The login using facebook is just another way to create an account. You can still create an account the old way as well as download files as a guest


----------



## jalaneme (May 4, 2012)

Satangel said:


> So basically, I can now upload my whole music collection to this site, and you guys won't get in trouble? I can also share the link with my friends, they don't need to register?



won't there be copywrite issues with uploading music especially mp3s which other people can download themselves?


----------



## Deleted-236924 (May 4, 2012)

Anyone know if this Another World works with AWDS?


----------



## Originality (May 4, 2012)

100GB free online storage space? Interesting. Just think of all the lolcatz pics I could fill it up with...


----------



## notmeanymore (May 4, 2012)

This is so sexy. Just one little thing, can we get a broader "Android" section? We have sections for all of the manufacturers of Android devices, and a general iOS section, but no general Android section.


----------



## Cyan (May 4, 2012)

I also removed monkey island, it's totally not abandonware.
Lucasart IP are still running and the company is caring about their franchises.

If you find other games which publishers still care, please report the files directly on filetrip.


----------



## prowler (May 4, 2012)

i dont think its about publishers caring, if GBAtemp is going for the whole no copyrighted stuff allowed, 99% of those games shouldn't be there.


----------



## Cyan (May 4, 2012)

prowler said:


> i dont think its about publishers caring, if GBAtemp is going for the whole no copyrighted stuff allowed, 99% of those games shouldn't be there.


I agree, as copyright is running up to 75 years after the death of the author (or even heirs in some countries).

Computer will not be able to run these games in 75 years. We already have difficulty to run MSdos games which are only 15-20 years old, so when we will have the possibility to do it legally, nobody will be able to.
It's allowed on filetrip based on the fact that existing abandonware websites never had any legal issue for years. Of course it's only for old computer games, no console's ROMs will be allowed, whether they are abandoned or not.

Also, "Public Domain" doesn't exist in a lot of countries, including France. there's no such a thing as "becoming free after some time".

I don't know if it's the best place to discuss that, it's more to announce filetrip upgrade than discussing law. maybe in another thread, but I already know the result and laws.


----------



## pilladoll (May 4, 2012)

Great news!!!!!! Love you, guys!


----------



## Rydian (May 4, 2012)

Little nitpick, "public domain", at least in the west, is generally regarded as releasing something free-use with no strings (like when a copyright expires, only set immediately).  I've heard there's issues with it though as some countries don't legally recognize the concept, but whatever.

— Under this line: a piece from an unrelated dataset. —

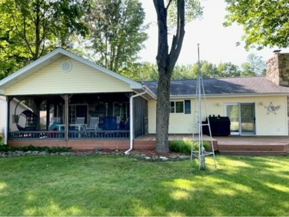 Charming 2 bedroom 2 bath Ranch on All Sports Secord Lake. Enjoy the view of sparkling water from the screened-in porch, the open deck, and the waterfront deck. Large treed lot with a seating area around the fire pit, wood seawall, and wood walkways around the water's edge. Country style home with an open floor plan. Plenty of oak cabinetry in the U-shaped kitchen with peninsula seating for casual meals. Family size dining area opens to the living room with a natural wood fireplace and a patio door out to the screened porch. Enjoy relaxing on this lovely porch with a vaulted knotty pine ceiling. Used for 3 seasons with outdoor heaters. The primary bedroom is spacious with room for extra beds. Main full bath in between the bedrooms with a secondary bath with shower shared with the laundry area. Extra space comes in handy with the additional family room off the kitchen with large windows, a spacious seating area, and a patio door out to the deck. The quaint brick fireplace keeps the room cozy on those chilly evenings. Exit out the attached garage for parking or storage with an additional garage with a guest house. Lake levels are currently lowered for dam construction/updates but there's plenty of water for swimming, fishing, and kayaking. Pontoon boats are out cruising the main lake and channels. See the FLTF website for all information regarding the dam construction, assessments, and the full lake-level timeline. www.four-lakes-taskforce-mi.com. Secord Lake is a wonderful recreational area surrounded by state land for hiking, ORV trails, hunting, and snowmobiling. Don't miss out on this one! Just 2.5 hours from the Detroit suburbs.

It's nice to see I'm not the only one with the concerns though.


----------



## RupeeClock (May 4, 2012)

This is definitely exciting news, this'll act as a great place to share stuff.

There is one question I'd like to ask about appropriate usage however. As you can imagine, files can be uploaded and hotlinked on external websites.
Is it acceptable for sites to use Filetrip.net as a place to hotlink uploaded files from, for example, I upload a GIF animation that exceeds the 1mb limit on Tumblr, and embed it on my Tumblr?
I have a number of silly gif animations such as the attached below, and haven't had a way to put them on Tumblr yet.







Keep in mind that external images on Tumblr are not automatically loaded, they must be clicked to then load.
I'd also like to know if GIF animations having footage of animation clips, like this one from "The Real Adventures of Jonny Quest" is a copyright concern or not.


----------



## Satangel (May 4, 2012)

Costello said:


> Satangel said:
> 
> 
> > So basically, I can now upload my whole music collection to this site, and you guys won't get in trouble? I can also share the link with my friends, they don't need to register?
> ...


Okay, I read and re-read your replies, and I'm now even more convinced this can be used for ordinary warez. Seeing there's no filesize limit anywhere, I can basically upload a complete .AVI (this isn't in the supported formats, I don't know if it'll work, else .MP4) movie (700MB) in 1 go, and share it with all my friends.You guys would maybe get fucked if some copyrighting company found it, but else, this could work?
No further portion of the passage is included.